Я сказал, что об их христианстве ничего не знаю, но что они были обыкновенные грешные, а не святые люди, об этом хорошо известно. Здесь я напомнил отцу протоиерию, что так называемых святых объявлял не Бог, а люди, и непременно с согласия правительств. И объявляли их неспроста, а по государственной надобности, когда были неудачные войны, голод и другие бедствия, когда надо было отвлечь внимание народа от этих бедствий. Как, к примеру, Иван Грозный приказал в один год объявить более десяти святых, когда надо было доказать, что русская Церковь настолько самостоятельна, что больше не нуждается в духовном руководстве греческих ученых и архиереев, после того как сами они были завоеваны турками и потеряли Константинополь. Так что для меня, сказал я, их авторитет ровно ничего не доказывает, так как мы знаем из истории древней христианской Церкви, что она также не благословляла войны, запрещала в них участвовать и даже отлучала тех солдат, которые на войне делались убийцами.
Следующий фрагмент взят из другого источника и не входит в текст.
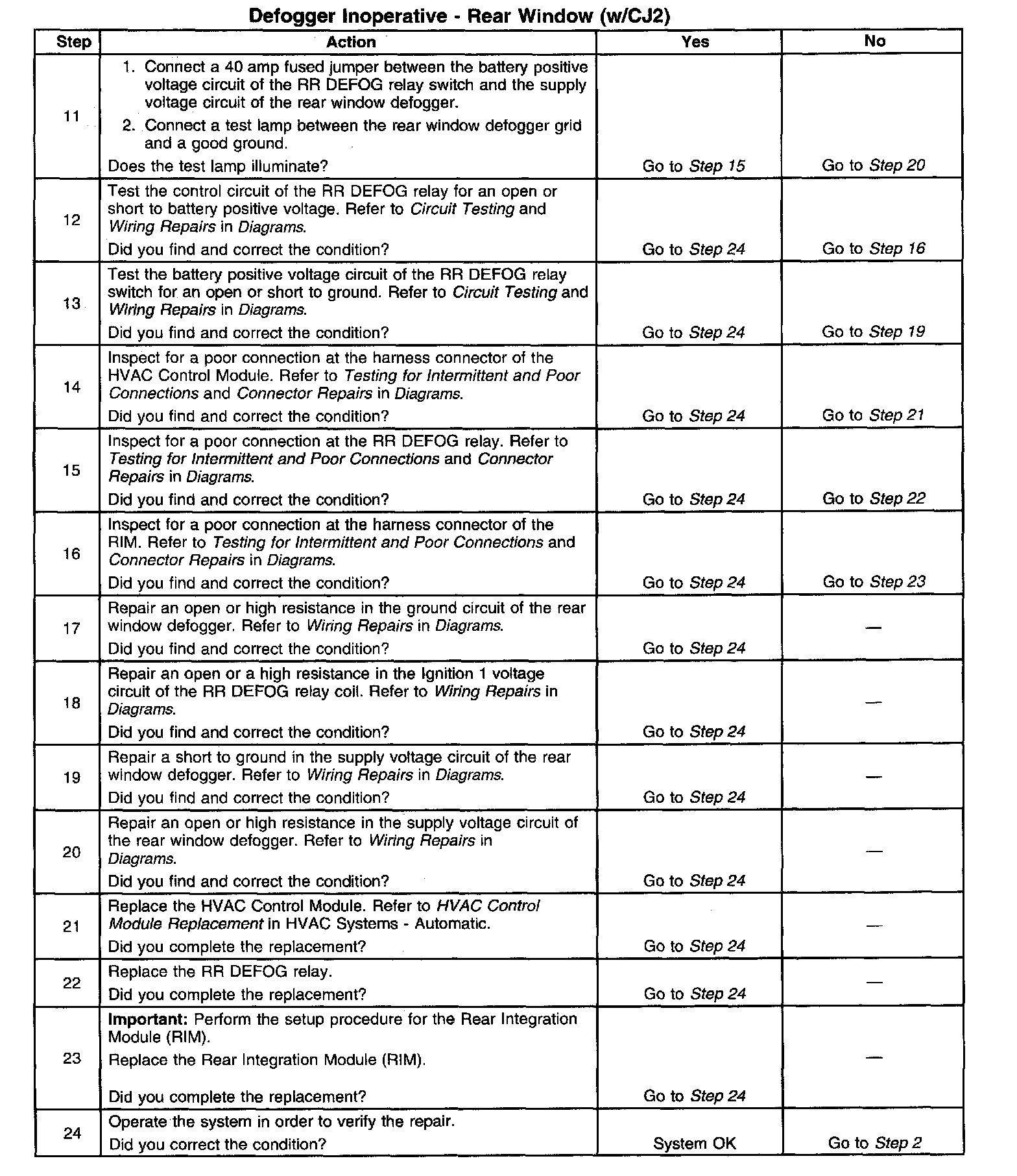 Defogger Inoperative - Rear Window (With RPO CJ2)

— По-вашему, что же, — сказал Ковальницкий, — и Христос был такой же анархист и разрушитель государственного порядка, как граф Толстой, а однако ты знаешь, он не запрещал платить подати, когда говорил: «Отдавайте кесарево — кесарю, а Божие — Богови». По-вашему, всему человеческому обществу надо снова превратиться в дикое стадо, без всякого порядка и управления?
Я возразил, что Христос про кесаря говорил, не уча народ, как нужно относиться к власти, а говорил жандармам, которые его ловили в словах, а потому этот разговор совсем не убедителен. В учении же своем к народу он прямо говорил: «Цари царствуют над вами, и разные князья и вельможи величаются, а у вас (в христианском обществе) пусть этого не будет совсем, а больший пусть будет как меньший». И воевать христианам не с кем, так как своих врагов они должны прощать и любить, а не распарывать животы штыками и не расстреливать.
— Вы возлагаете на плечи народа бремена неудобоносимые, — сказал отец протоиерей, — народ так жить не может, у него должны быть пастыри и начальники, он должен оберегать и защищать свое стадо и свои интересы.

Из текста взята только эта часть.